At that moment the camera unwisely cut away from the beautiful vista of six Swans chasing Nick Malceski like a flock of seagulls to show a deserted scene from Sydney.

“This is big. This is really big. It’s a dead-set massive moment!” McAvaney, on Clinton Young falling in the goal square. The camera exacerbated this by immediately showing some random honcho turn his back on the game and leave, as if in disgust at how the game had swung against Hawthorn.

2014: Hawthorn defeat Sydney
Hawthorn defeat Swans: “Well this is magnificent football.” McAvaney, in awe.

Luke Hodge had just scored Hawthorn’s fourth goal in as many minutes. What more could you say when the grand final is decided three-eighths of the way in?

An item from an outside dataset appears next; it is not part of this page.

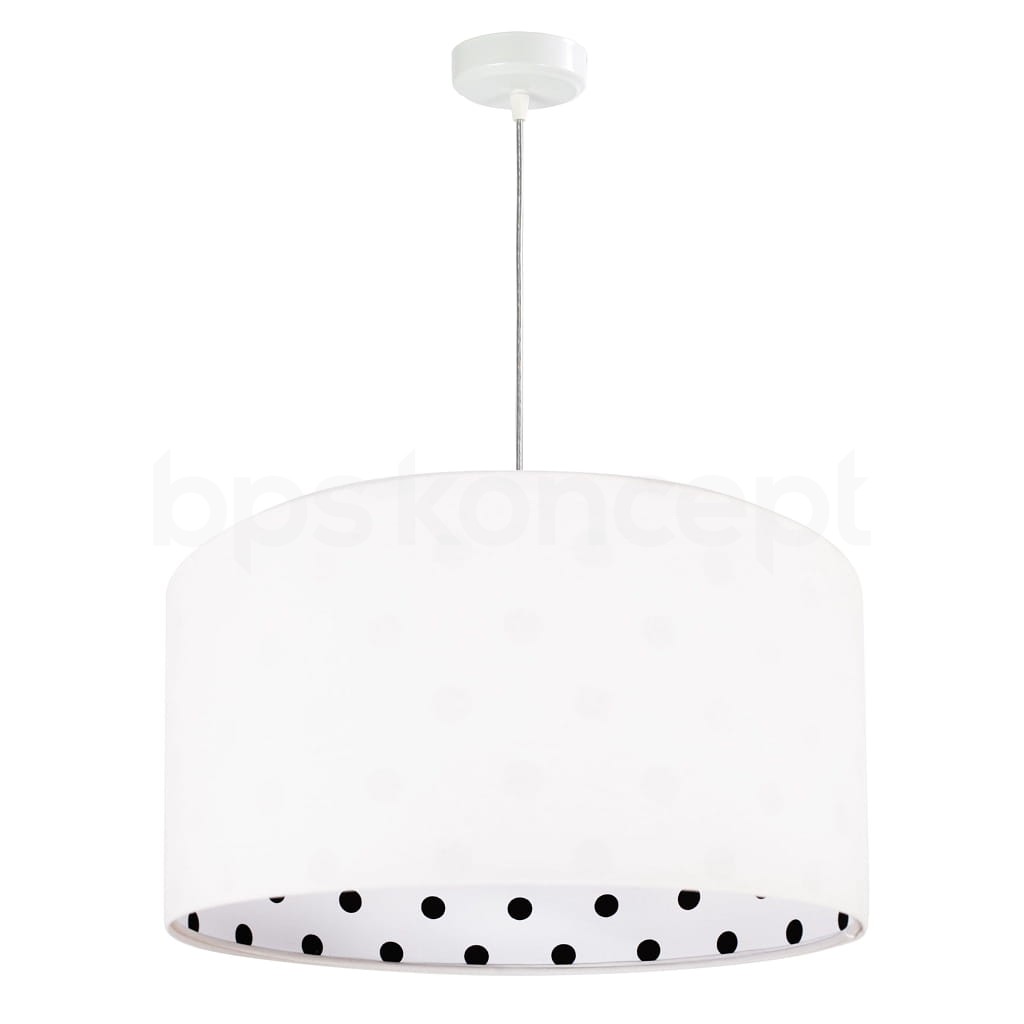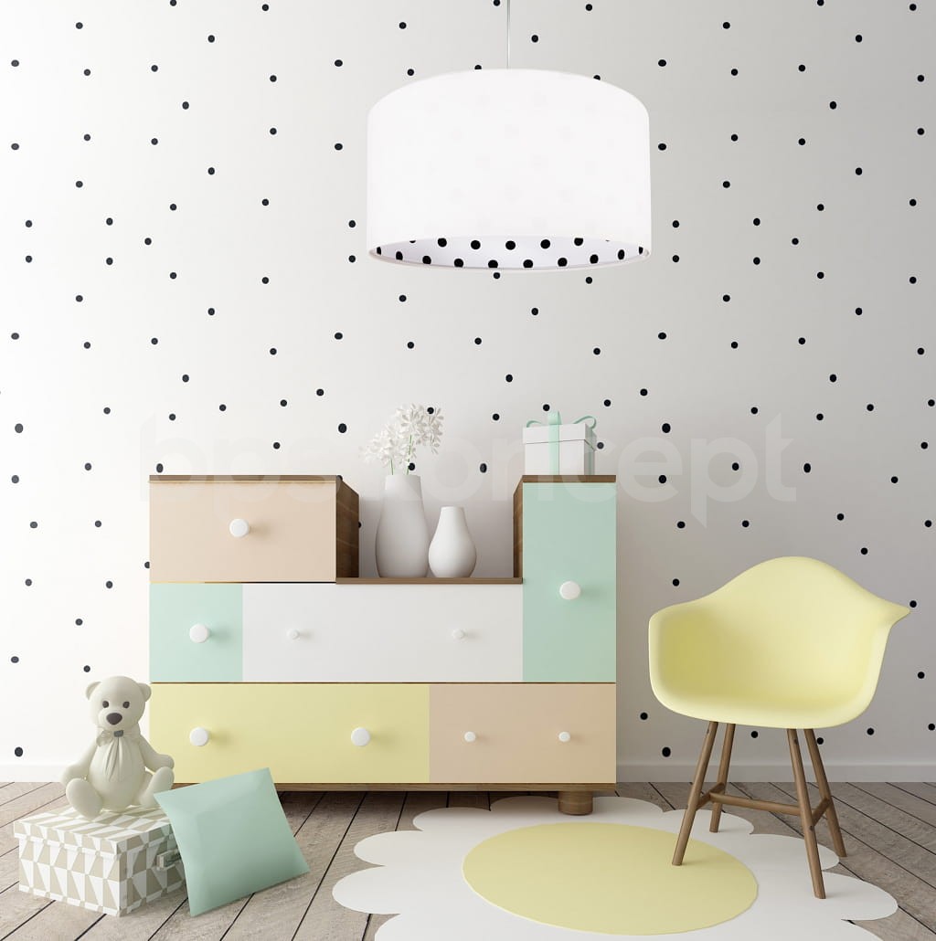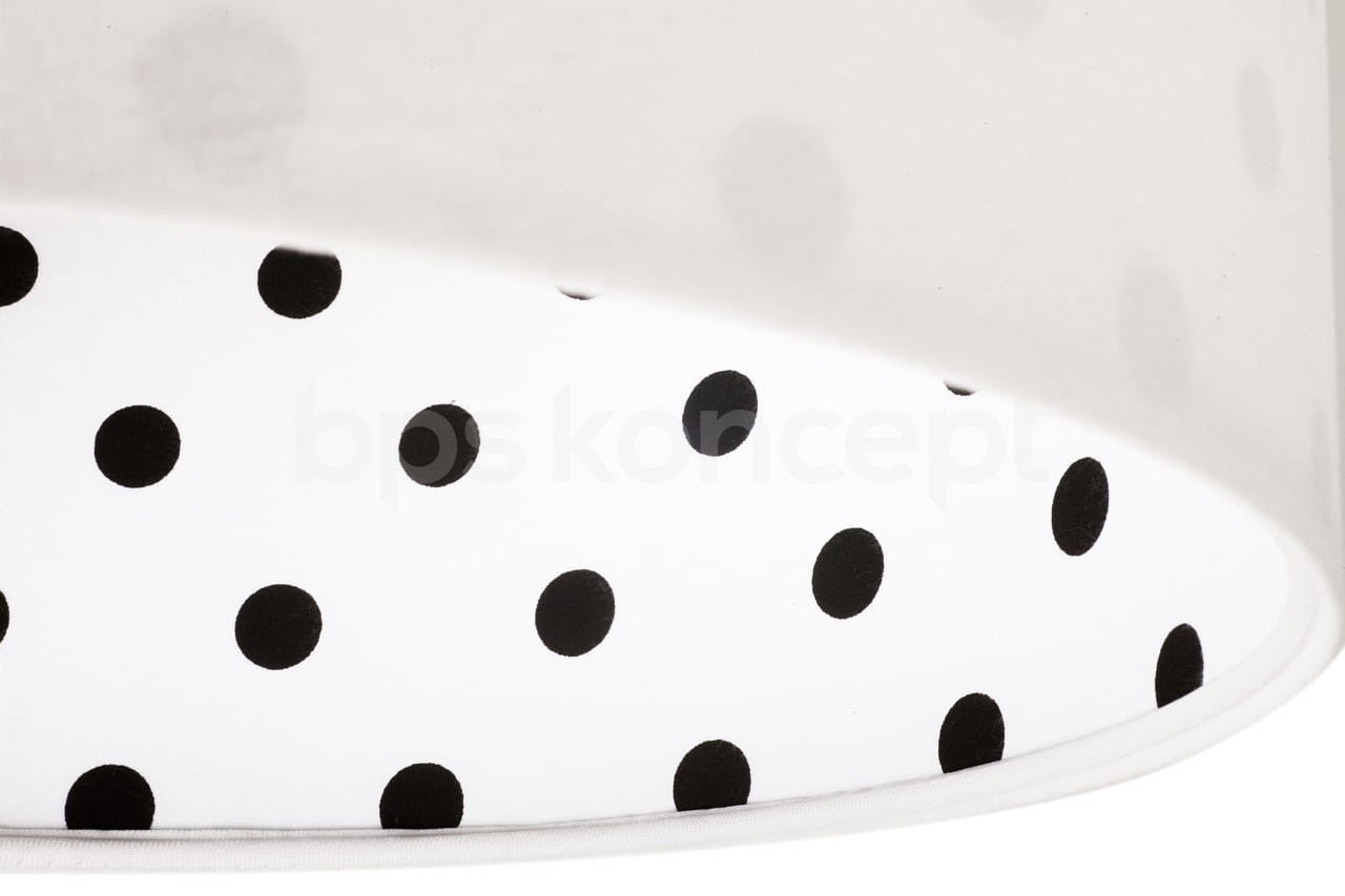 Abażur lampy Calineczka to elegancka propozycja do pokoju dziecka i nie tylko. Wykonany z białego weluru, prezentuje się niezwykle subtelnie i delikatnie. Wnętrze ozdobione jest tkaniną w czarne grochy, co nadaje całości wyjątkowego charakteru. Dzięki zastosowaniu materiału odpornego na promienie UV, abażur nie blaknie i długo zachowuje świeży wygląd.

(Photo: Quinn Rooney/Getty Images)

2016: Western Bulldogs defeat Swans
In Cometti’s last game, the two outdid themselves in a last quarter that’s still hard to believe actually happened.

“Unrelenting, this game.” Cometti, introducing the second half.

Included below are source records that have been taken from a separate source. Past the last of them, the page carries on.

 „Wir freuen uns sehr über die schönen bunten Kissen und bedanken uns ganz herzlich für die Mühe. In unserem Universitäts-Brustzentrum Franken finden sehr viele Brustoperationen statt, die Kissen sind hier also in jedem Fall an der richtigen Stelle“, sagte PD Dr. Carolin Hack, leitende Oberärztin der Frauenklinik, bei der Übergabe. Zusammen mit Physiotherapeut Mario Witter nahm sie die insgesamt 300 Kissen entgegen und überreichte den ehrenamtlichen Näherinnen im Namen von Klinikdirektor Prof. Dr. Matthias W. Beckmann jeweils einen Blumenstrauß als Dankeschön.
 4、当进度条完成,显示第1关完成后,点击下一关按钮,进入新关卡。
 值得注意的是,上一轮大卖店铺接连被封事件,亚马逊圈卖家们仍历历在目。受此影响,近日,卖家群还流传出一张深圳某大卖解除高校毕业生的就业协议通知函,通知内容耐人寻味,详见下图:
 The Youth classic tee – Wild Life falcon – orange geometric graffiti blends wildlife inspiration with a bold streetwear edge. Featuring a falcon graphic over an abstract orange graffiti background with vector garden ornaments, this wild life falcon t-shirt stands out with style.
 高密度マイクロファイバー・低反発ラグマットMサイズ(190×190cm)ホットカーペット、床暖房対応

“The package might deliver a cup!” McAvaney’s reaction to Jake Stringer scoring out of nowhere.

“Tom Boyd goes long. How will it bounce? The stadium holds its breath. It’s a goal! And the Western suburbs erupt.” This one became relatively famous.

To prove Cometti really had his finger on the pulse, his simple, “they fear things like this” to Jason Johannisen’s goal being disallowed neatly summed up Bulldog fan fatalism.

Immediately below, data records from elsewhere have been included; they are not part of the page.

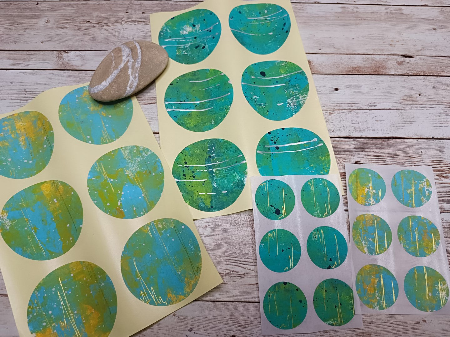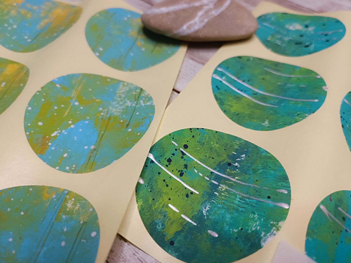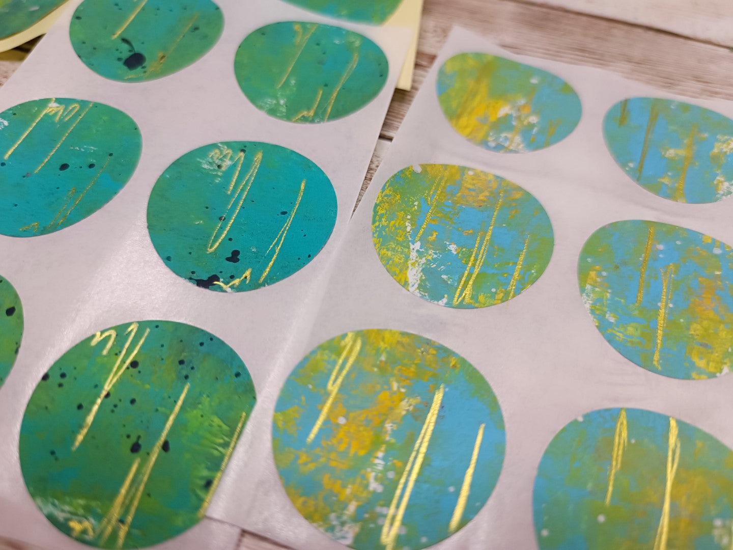 This is a set of handmade round stickers, gelli printed with acrylics (water resistant), with slight texture to them. Ideal for mixed media, scrapbooking and art journaling. They are already adhesive, but for better adherence I do advise you to add more glue.
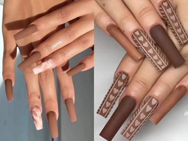Nail màu nâu móng dài là mẫu nail đang rất thịnh hành trong những năm gần đây. Sắc nâu không chỉ giúp tôn da tay trắng sáng hơn mà còn mang đến vẻ sang trọng, đầy cuốn hút. Nail màu nâu thường phù hợp với tạo kiểu đơn giản, thanh lịch, bạn có thể kéo léo phối nhiều sắc độ nâu với nhau hoặc mix với các tông màu sáng như nude, trắng, sữa,… là đã đủ để tạo nên một bộ nail hài hòa, đẹp mắt.
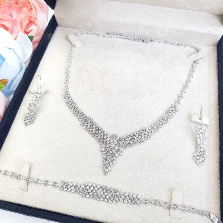 سرویس نقره تراش خور زنانه مجلسی با عیار استاندارد 925 نقره باآبکاری طلا سفید (رادیوم) بدون حساسیت و سازگار با پوست های حساس و کپی نمونه جواهری ارسال به همراه فاکتور معتبر و رسمی با جعبه مخصوص (ارسال رایگان)
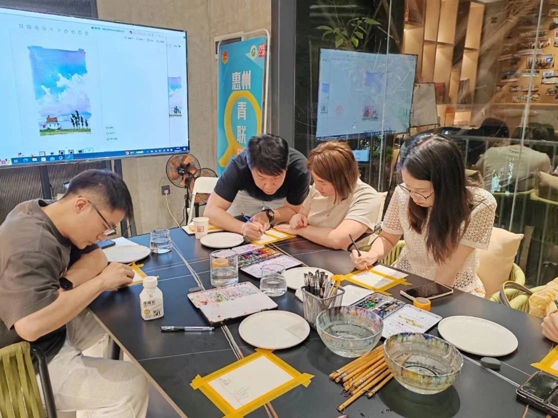 學(xué)員在惠州市“青年夜!蓖度氲乩L畫。
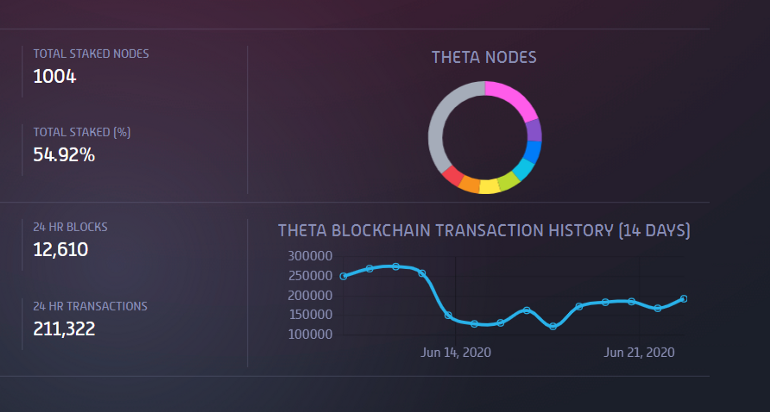 En total, casi el 55% del suministro circulante de CMC de THETA está en Stake, totalizando 478m + THETA. De acuerdo con Staking Rewards , eso pondría a Theta en el cuadro superior por el porcentaje de participación de todos los protocolos de Proof of stake, ¡no está mal durante los primeros 20 días de apuesta!
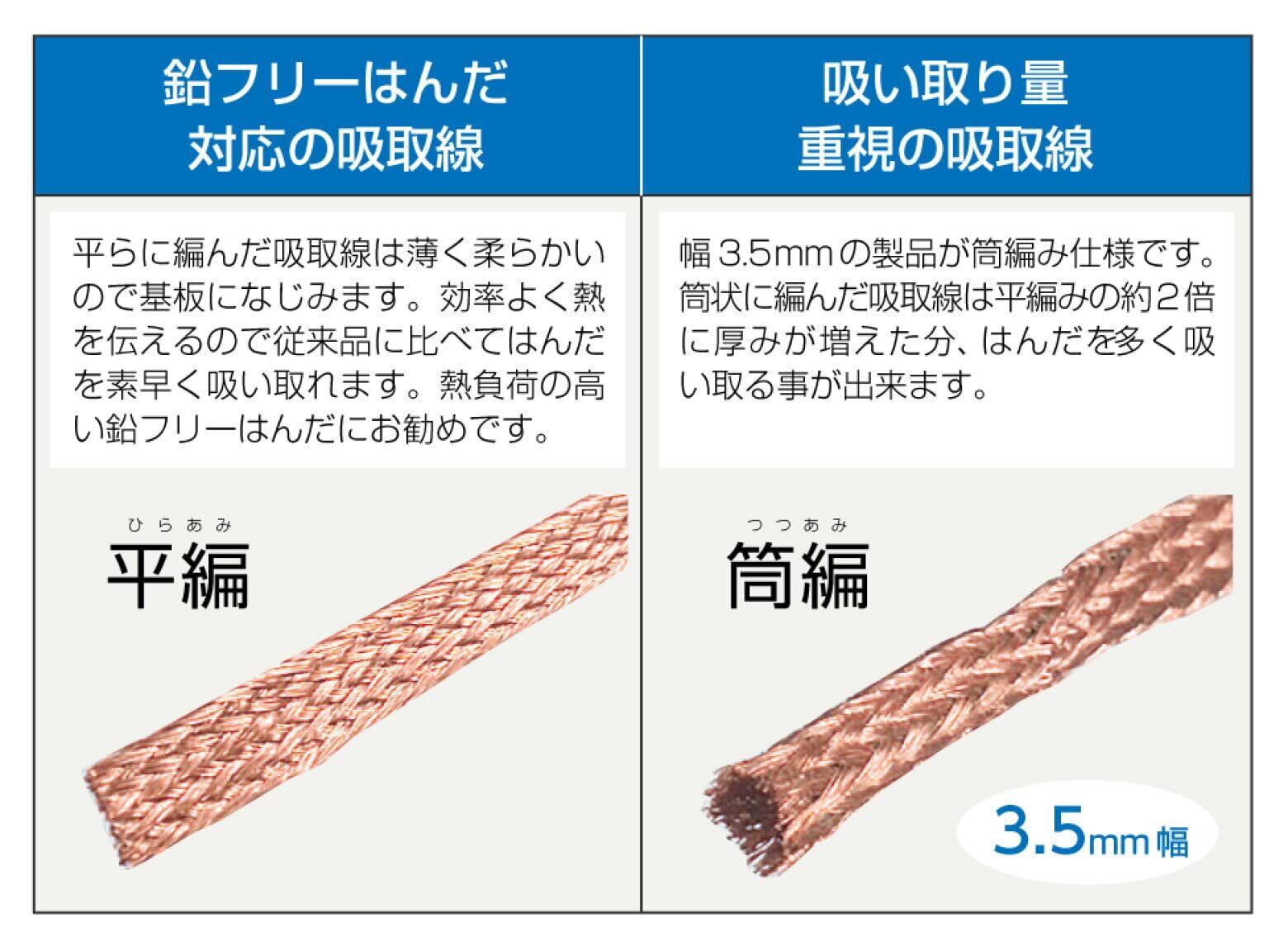 吸取線は薄く柔らかいので基板になじみ、効率よく熱を伝える
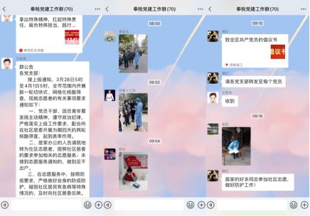 3月27日当晚,区局党员干部通过“先锋上海”小程序完成线上报到,就地转为志愿者;3月28日当天,区局共有29名党员主动向居住地村居党组织报到,累计服务时长104小时。在疫情防控第一线,他们亮明身份、认领任务,与居住地村居干部群众一同奋战,用实际行动为打赢疫情防控战贡献新时代税务力量。

“It’s over!” McAvaney, to Liam Picken running into the open, sealing the goal.

2017: Richmond defeat Adelaide
Now, I’m of the minority opinion that, like children, grand finals are all beautiful. Even the terrible ones, because there is only one every year, they all have their exciting build-up and provide a story afterwards.

They each have their own non-repeatable colours, and even the blowouts are by definition close at the start and have turning points.

This game and even the colours were duds – Richmond’s change strip – but the fallout was unbeatable. If you had told me pre-game that one of those clubs would not only easily win the match but go on to become the dominant team of the competition, while the loser would go into a generational spiral, I’d have had no trouble believing it.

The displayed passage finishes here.